Evaluating gradients of output variables w.r.t parameters for pixelwise models

Hi.
Consider I have a ViT NN trained to perform segmentation which receives an input x of shape (batch_size, n_channels, n_timesteps, height, width) and outputs a prediction y of shape (batch_size, n_classes, height, width). Let us say that for each pixel p in the output image I want to evaluate the gradient with relation to all the model parameters w as Grad(y_p, w) = \nabla_w NN(x; w)_p, with final shape (batch_size, n_classes, n_parameters).
I would like to know what is the best approach to properly evaluate it using the frameworks available on PyTorch.

1 Like

Hi!
Maybe the most straightforward way to do this is to iterate over the batch elements, over the classes and over the pixels, to get scalar tensors, from which you can compute the gradient with respect to the model’s parameters. I’m thinking of something like this:

output: Tensor  # output.shape: [batch_size, n_classes, height, width]
for output_element in output:  # output_element.shape: [n_classes, height, width]
    for class_output in output_element:  # class_output.shape: [height, width]
        for y_row in class_output:  # y_row.shape: [width]
            for pixel in y_row:  # pixel.shape: [] (scalar)
                grads = torch.autograd.grad(pixel, model.parameters(), retain_graph=True)
                # grads will be a tuple with a many tensors as there are model parameters;
                # do whatever you need with grads

Obviously this will be very inefficient in terms of computational time, as it will require batch_size * n_classes * height * width backard passes through your model. If you also store the grads, it will require batch_size * n_classes * height * width times the size of your model in memory (which is most likely prohibitive, even with a small model).

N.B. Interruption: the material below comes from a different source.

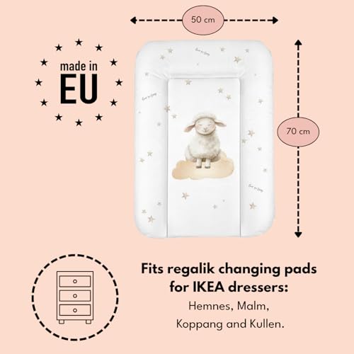 Baby Changing Mat 50×70 cm, White with Sheep – Waterproof & Wipe Clean, Soft for Newborns – Changing Table Mat for Dresser – Padded Baby Care ma

There are ways to speed up the computation by parallelizing some of the backward passes using torch.vmap, or by using e.g. torch.autograd.functional.jacobian — PyTorch 2.7 documentation, but it will be way too memory intensive to compute all of the gradients in parallel. So the way you want to parallelize this computation depends on what you intend to do with your grads. If some of them could be summed together for instance, you could compute the result much more efficiently than what I showed.

Could you maybe provide more context?

Hi, @valerian.rey, thank you the answer. I’m interested in using the metric seen here: IEEE Xplore Full-Text PDF:, expression 4.